Фуги последних сонат грандиозны. Они под стать фугам Баха. Недаром в ту пору своей жизни Бетховен все чаще обращается к творчеству этого титана мировой музыки.

– Бах, – с благоговением говорил он, – это не ручей[28], это целое море!

Свои бессмертные сонаты Бетховен уже не мог ни услышать, ни сыграть.

Непрерывно усиливающаяся глухота еще в 1814 году принудила его окончательно расстаться с концертной эстрадой. Последняя встреча с публикой состоялась в Пратере, когда он исполнил в открытом концерте вместе со скрипачом Шуппанцигом и виолончелистом Линке гениальное Большое трио си-бемоль-мажор.

А с 1819 года он совсем оглох. Теперь уже нисколько не помогали ни слуховые трубки, ни самый громкий и пронзительный крик. Общаться с ним стало возможным только с помощью разговорных тетрадей. Собеседник писал свою реплику, а он, нетерпеливо заглядывая через его плечо, зачастую на полуслове обрывал пишущего и резким, лающе хриплым голосом отвечал, спорил, выдвигал новую мысль, развивал ее.

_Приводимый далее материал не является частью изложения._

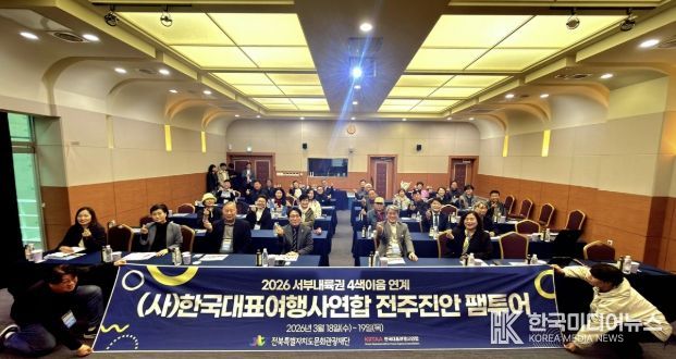 [ 한국미디어뉴스 이종철 기자 ] 전북특별자치도문화관광재단은 4색이음 연계 관광상품 기획을 위한 팸투어를 진안에서 진행했다. 이번 팸투어는‘2026-2027 진안 방문의 해’를 맞아 진안군의 관광 활성화를 위해 지난 18일부터 19일까지 1박 2일간 한국대표여행사연합 임직원 27명을 초청해 진행됐다.

«На улицах, – вспоминает Герхард фон Брейнинг, сын Стефана, – все обращали на него внимание… Так как спутник, беседуя с ним, вынужден был писать ответы в разговорной тетради, по пути происходили частые остановки. Внимание окружающих, пожалуй, еще больше привлекала жестикуляция и мимика, которыми он сопровождал свои ответы. Прохожие оглядывались на него, а уличные мальчишки дразнились. Поэтому Карл стыдился дяди и старался не выходить с ним на улицу. Однажды он даже прямо высказал это, чем очень задел и обидел его».

К несчастью привыкнуть нельзя. Но свыкнуться с несчастьем можно. Он свыкся с горем так, как свыкаются с неизбежностью, и, будучи натурой сильной, сумел беду обратать и даже обратить в некоторое благо.

Теперь глухота даже не мешала, а помогала ему. Множество посторонних шумов, беспрестанно окружающих человека, неотступно преследующих, назойливо отвлекающих и раздражающих его, не имели никакой власти над Бетховеном.

Вокруг стояла полная тишина. Он слышал лишь музыку, звучавшую в нем самом. То были отголоски великой и прекрасной, разлитой в природе и жизни музыки, когда-то слышанной им и навсегда запечатленной в нем.

По мере того как развивалась глухота, он все глубже проникал в свой внутренний мир, познавал непознанное, постигал непостигнутое, открывал неоткрытое.

И ничто не мешало ему.

И без того предельно сосредоточенный (его сосредоточенность была настолько всепоглощающей, что ее принимали со стороны за предельную рассеянность), он с приходом полной глухоты стал казаться посторонним людям ненормальным. Это и неудивительно. Откуда было беглому взгляду, примечающему только внешнее, сразу бросающееся в глаза, разглядеть огромную, титаническую работу, непрерывно происходившую в нем.

Он приобрел драгоценную способность быстро и напрочь отгораживаться от всего, что ему мешало. И спокойно творить, как только он испытывал потребность в творчестве.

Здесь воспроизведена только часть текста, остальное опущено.